Top of Dataset content
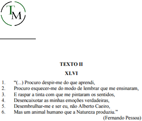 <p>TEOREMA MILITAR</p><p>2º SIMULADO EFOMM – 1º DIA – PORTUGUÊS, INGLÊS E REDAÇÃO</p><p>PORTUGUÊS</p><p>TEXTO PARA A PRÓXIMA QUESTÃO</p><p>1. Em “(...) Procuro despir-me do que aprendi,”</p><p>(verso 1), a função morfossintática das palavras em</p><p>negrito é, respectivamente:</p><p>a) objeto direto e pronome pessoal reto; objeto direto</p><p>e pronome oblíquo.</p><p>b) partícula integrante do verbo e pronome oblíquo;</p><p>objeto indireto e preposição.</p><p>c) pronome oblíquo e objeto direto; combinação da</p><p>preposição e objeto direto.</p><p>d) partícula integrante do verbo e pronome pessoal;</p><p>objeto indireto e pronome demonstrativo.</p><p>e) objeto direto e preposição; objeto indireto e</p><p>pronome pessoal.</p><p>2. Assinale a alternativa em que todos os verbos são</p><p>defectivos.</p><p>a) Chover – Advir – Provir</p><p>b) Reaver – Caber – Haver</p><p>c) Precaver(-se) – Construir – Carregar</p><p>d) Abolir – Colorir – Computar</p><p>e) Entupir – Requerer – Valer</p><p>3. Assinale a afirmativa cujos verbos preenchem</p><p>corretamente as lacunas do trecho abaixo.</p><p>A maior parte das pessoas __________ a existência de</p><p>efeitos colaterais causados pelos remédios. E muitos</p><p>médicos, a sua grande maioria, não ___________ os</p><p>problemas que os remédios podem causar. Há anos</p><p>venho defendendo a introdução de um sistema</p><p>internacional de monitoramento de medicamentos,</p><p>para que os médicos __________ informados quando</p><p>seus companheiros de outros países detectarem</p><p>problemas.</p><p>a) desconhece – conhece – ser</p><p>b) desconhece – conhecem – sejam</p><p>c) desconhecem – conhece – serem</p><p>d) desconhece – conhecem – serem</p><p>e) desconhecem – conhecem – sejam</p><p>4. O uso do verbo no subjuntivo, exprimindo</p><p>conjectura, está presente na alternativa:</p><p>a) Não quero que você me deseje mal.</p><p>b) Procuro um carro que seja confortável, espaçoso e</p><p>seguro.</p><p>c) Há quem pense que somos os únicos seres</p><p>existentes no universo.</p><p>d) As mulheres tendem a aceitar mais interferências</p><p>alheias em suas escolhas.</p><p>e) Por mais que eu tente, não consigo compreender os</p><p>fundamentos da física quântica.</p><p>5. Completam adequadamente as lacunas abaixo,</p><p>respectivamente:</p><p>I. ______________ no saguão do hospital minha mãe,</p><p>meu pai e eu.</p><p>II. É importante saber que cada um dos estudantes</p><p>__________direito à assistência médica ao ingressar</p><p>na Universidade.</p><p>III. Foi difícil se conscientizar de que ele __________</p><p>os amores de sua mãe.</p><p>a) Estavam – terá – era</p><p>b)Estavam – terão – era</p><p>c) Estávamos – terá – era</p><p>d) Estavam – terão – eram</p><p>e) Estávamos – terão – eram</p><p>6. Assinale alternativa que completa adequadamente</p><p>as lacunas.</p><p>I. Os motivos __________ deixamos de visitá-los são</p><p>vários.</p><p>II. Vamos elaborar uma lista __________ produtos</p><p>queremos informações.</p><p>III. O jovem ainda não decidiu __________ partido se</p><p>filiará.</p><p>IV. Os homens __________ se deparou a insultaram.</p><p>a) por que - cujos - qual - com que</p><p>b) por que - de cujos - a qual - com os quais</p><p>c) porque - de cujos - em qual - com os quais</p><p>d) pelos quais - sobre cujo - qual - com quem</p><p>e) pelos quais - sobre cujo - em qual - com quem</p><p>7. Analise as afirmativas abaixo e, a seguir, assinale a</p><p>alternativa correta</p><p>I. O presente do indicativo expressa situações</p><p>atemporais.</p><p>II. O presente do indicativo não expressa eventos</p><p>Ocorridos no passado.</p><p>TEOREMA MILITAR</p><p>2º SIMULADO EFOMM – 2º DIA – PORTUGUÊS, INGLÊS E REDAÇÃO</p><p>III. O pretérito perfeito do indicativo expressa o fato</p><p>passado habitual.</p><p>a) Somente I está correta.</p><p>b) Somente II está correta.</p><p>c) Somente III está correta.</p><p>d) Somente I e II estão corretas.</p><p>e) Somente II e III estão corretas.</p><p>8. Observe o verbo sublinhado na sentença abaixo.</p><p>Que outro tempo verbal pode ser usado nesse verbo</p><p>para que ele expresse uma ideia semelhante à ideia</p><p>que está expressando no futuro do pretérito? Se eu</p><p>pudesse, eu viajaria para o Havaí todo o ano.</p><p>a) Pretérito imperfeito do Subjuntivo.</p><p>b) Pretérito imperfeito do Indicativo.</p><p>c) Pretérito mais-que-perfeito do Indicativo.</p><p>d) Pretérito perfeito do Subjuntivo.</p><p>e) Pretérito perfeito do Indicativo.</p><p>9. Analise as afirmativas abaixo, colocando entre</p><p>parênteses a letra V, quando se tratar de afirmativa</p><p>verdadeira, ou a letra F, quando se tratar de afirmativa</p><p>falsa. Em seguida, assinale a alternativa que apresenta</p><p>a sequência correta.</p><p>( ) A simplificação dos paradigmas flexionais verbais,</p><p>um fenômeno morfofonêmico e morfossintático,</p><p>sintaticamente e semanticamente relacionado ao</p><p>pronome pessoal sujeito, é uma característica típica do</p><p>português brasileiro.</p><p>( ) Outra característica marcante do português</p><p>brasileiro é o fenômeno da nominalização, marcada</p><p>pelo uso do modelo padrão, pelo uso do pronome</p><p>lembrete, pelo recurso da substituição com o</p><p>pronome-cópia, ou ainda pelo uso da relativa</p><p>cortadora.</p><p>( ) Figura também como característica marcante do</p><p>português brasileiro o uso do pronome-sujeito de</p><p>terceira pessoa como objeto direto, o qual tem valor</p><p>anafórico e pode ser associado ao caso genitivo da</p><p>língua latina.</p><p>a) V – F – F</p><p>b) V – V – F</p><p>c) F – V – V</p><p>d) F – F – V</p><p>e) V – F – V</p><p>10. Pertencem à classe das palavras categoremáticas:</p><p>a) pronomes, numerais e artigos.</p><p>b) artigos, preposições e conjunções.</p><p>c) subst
Bottom of Dataset content
Top of Dataset content
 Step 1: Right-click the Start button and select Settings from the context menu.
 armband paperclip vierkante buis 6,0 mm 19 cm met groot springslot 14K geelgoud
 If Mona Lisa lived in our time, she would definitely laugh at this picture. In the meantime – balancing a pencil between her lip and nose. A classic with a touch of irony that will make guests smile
Bottom of Dataset content
Top of Dataset content
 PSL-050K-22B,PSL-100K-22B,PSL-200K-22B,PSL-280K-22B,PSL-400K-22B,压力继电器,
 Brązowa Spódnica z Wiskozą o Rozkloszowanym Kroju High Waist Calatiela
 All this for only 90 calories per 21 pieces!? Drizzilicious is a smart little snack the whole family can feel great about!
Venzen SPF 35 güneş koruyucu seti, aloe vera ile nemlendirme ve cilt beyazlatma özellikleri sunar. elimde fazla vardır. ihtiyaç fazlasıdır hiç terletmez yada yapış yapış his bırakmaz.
Bottom of Dataset content
** Action item **
The required answer is each line of the entries containing the string "this".

** Response to the task **
 If Mona Lisa lived in our time, she would definitely laugh at this picture. In the meantime – balancing a pencil between her lip and nose. A classic with a touch of irony that will make guests smile
 All this for only 90 calories per 21 pieces!? Drizzilicious is a smart little snack the whole family can feel great about!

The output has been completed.